Photovoltaic power generation prediction constitutes a significant research area within the realm of power system artificial intelligence. Accurate prediction of future photovoltaic output is imperative for the optimal dispatchment and secure operation of the power grid. This study introduces a photovoltaic prediction model, termed ICEEMDAN-Bagging-XGBoost, aimed at enhancing the accuracy of photovoltaic power generation predictions. In this paper, the original photovoltaic power data initially undergo decomposition utilizing the Improved Complete Ensemble Empirical Mode Decomposition with Adaptive Noise (ICEEMDAN) algorithm, with each intrinsic mode function (IMF) derived from this decomposition subsequently reconstructed into high-frequency, medium-frequency, and low-frequency components.
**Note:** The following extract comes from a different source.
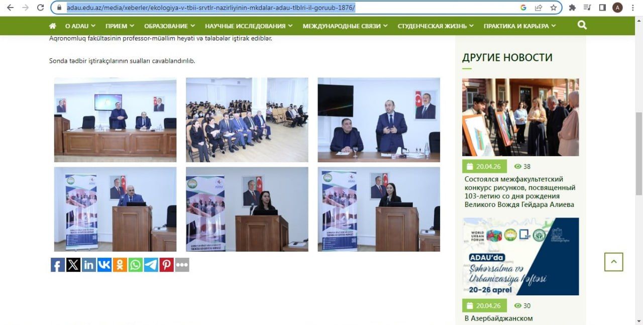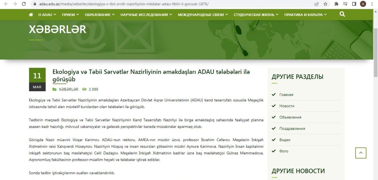 Ancaq 11 mart 2022-ci ildə Azərbaycan Dövlət Aqrar Universitetinin (ADAU) kənd təsərrüfatı, xüsusilə Meşəçilik ixtisasında təhsil alan müxtəlif kurslardan olan tələbələrlə Gəncədə Ekologiya və Təbii Sərvətlər Nazirliyinin əməkdaşlarının görüşü keçirilib. ADAU-nun saytından oxuyuruq ki, 11 mart 2022-ci ildə keçirilən bu görüşdə ekologiya və təbii sərvətlər nazirinin müavini Vüqar Kərimovla birgə nazirliyin Hüquq və insan resursları şöbəsinin müdiri Aynurə Kərimova da iştirak edib. Və nəinki iştirak edib, həm də öz çıxışı ilə tələbələri maarifləndirib və onun bu tədbirdə tribunada olduğunu əks etdirən görüntü də var.

Targeting the high-frequency and medium-frequency components of photovoltaic power, a limiting gradient boosting tree (XGBoost) is employed as the foundational learner in the Bagging parallel ensemble learning method, with the incorporation of a sparrow search algorithm (SSA) to refine the hyperparameters of XGBoost, thereby facilitating more nuanced tracking of the changes in the photovoltaic power’s high-frequency and medium-frequency components. Regarding the low-frequency components, XGBoost-Linear is utilized to enable rapid and precise prediction. In contrast with the conventional superposition reconstruction approach, this study employs XGBoost for the reconstruction of the prediction output’s high-frequency, intermediate-frequency, and low-frequency components. Ultimately, the efficacy of the proposed methodology is substantiated by the empirical operation data from a photovoltaic power station in Hebei Province, China. Relative to integrated and traditional single models, this paper’s model exhibits a markedly enhanced prediction accuracy, thereby offering greater applicational value in scenarios involving short-term photovoltaic power prediction.

Suggested Citation

  • Weihui Xu & Zhaoke Wang & Weishu Wang & Jian Zhao & Miaojia Wang & Qinbao Wang, 2024. "Short-Term Photovoltaic Output Prediction Based on Decomposition and Reconstruction and XGBoost under Two Base Learners," Energies, MDPI, vol. 17(4), pages 1-20, February.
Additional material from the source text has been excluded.